Let \$k\$ and \$n\$ be positive integers. A finite sequence \$x_1, \dots, x_n\$ over \$\{-1, 1\}\$ is of discrepancy \$d\$ if

$$ \max_{1\leq k\leq m\leq n} \left| \sum_{1\leq jk\leq m} x_{jk} \right| \leq d $$

In other words, the partial sums of the subsequences resulting of taking every \$k\$^th term of \$x\$ all lie in the interval \$[-d, d]\$.

The sequence provided by the authors is of discrepancy 2, as can be verified programmatically.
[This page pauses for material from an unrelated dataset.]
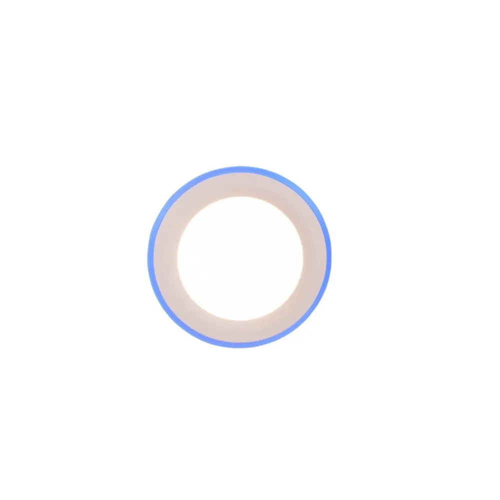 Rund Argus LED indbygningsdownlight, lysfarve og lysstyrke kan styres med fjernbetjening Argus LED indbygningsloftarmatur i plast har en varmhvid hovedlyskilde og en sideintegreret ring med ekstra LED’er, der kan tændes separat og lyse i forskellige farverige nuancer. Tænding, valg af lysfarve og dæmpning sker med den medfølgende fjernbetjening (inkl. 1 x CR2025-batteri). Den tilbyder også fire forudkonfigurerede lysscener.

For the first three values of \$k\$, we get the following subsequences and partial sums.

k = 1: -1,  1,  1, -1,  1, -1, -1,  1,  1, -1,  1,  1, -1,  1, -1, -1,  1, -1, ...
(sums) -1,  0,  1,  0,  1,  0, -1,  0,  1,  0,  1,  2,  1,  2,  1,  0,  1,  0, ...
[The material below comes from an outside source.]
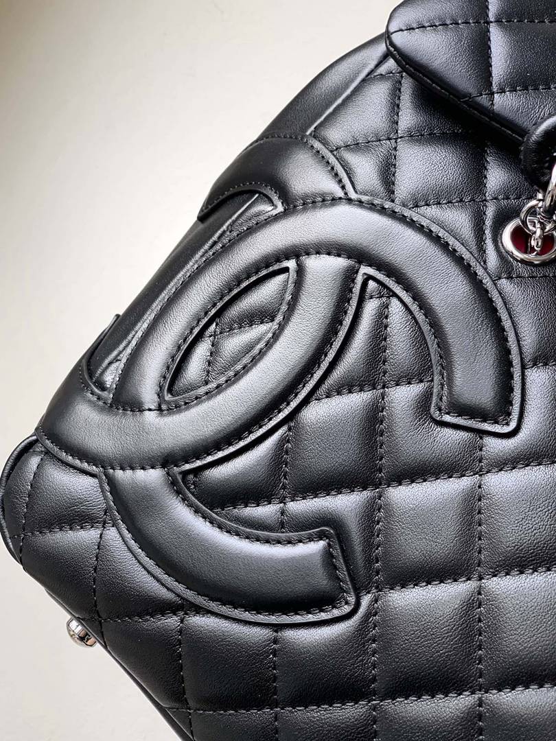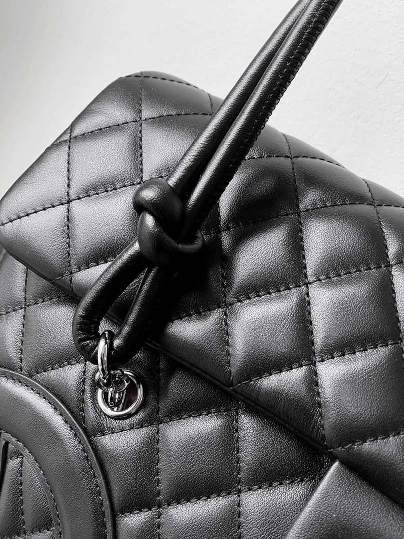 chanel cambon airport bag black shiny lambskin sliver hardware

k = 2:      1,     -1,     -1,      1,     -1,      1,      1,     -1,     -1, ...
(sums)      1,      0,     -1,      0,     -1,      0,      1,      0,     -1, ...

k = 3:          1,         -1,          1,          1,         -1,         -1, ...
(sums)          1,          0,          1,          2,          1,          0, ...
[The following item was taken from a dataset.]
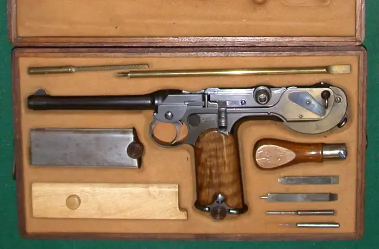 Борхардт К93, разработанный Гуго Борхардтом в 1893 году, стал первым удачным самозарядным пистолетом. Инженер также создал под него оригинальный патрон 7,65 мм Borchardt. Несмотря на хорошие баллистические характеристики и надежность, пистолет оказался громоздким из-за почти вертикальной рукоятки и неравномерного распределения веса.

Later terms of the sequences of partial sums never reach -3 or 3.

In contrast, 1, -1, -1, 1, 1, -1, -1, 1, 1, -1, -1, 1 is not a discrepancy-2 sequence.

k = 1:  1, -1, -1,  1,  1, -1, -1,  1,  1, -1, -1,  1
(sums)  1,  0, -1,  0,  1,  0, -1,  0,  1,  0, -1,  0

k = 2:     -1,      1,     -1,      1,     -1,      1
(sums)     -1,      0,     -1,      0,     -1,      0

k = 3:         -1,         -1,          1,          1
(sums)         -1,         -2,         -1,          0

k = 4:              1,              1,              1
(sums)              1,              2,              3

Task

Write a full program or a function that takes no input, prints or returns a single discrepancy-2 sequence with 1160 terms, and abides to the following rules.

• You can use any kind of iterable (arrays, strings, etc.) that consists of exactly two different symbols: one representing -1 and one representing 1.

• Your output must be consistent, i.e., every time your code is run, it must output the same sequence.

• You must include the output of your program in your answer.

• Hardcoding your output sequence is allowed.

• To prevent trivial brute-force solutions, your code must finish in under a minute. For borderline-compliant solutions, I'll determine the official run time on my own machine (Intel Core i7-3770, 16 GiB RAM, openSUSE 13.2) or a sufficiently similar one if I cannot test your code on mine.

• Any built-in that is itself a valid submission to this challenge or a variation that takes the discrepancy as input (e.g., FindMaximalDiscrepancySequence) may not be in your answer. All other built-ins – including built-ins that calculate the discrepancy of a sequence – are allowed.

While finding a suitable sequence is a big part of the task, only your implementation contributes to your score. In other words, this is code-golf, and may the shortest code in bytes win!

Validation

You can use this Python script to verify the output of your submission. It expects a string of comma-separated -1's and 1's.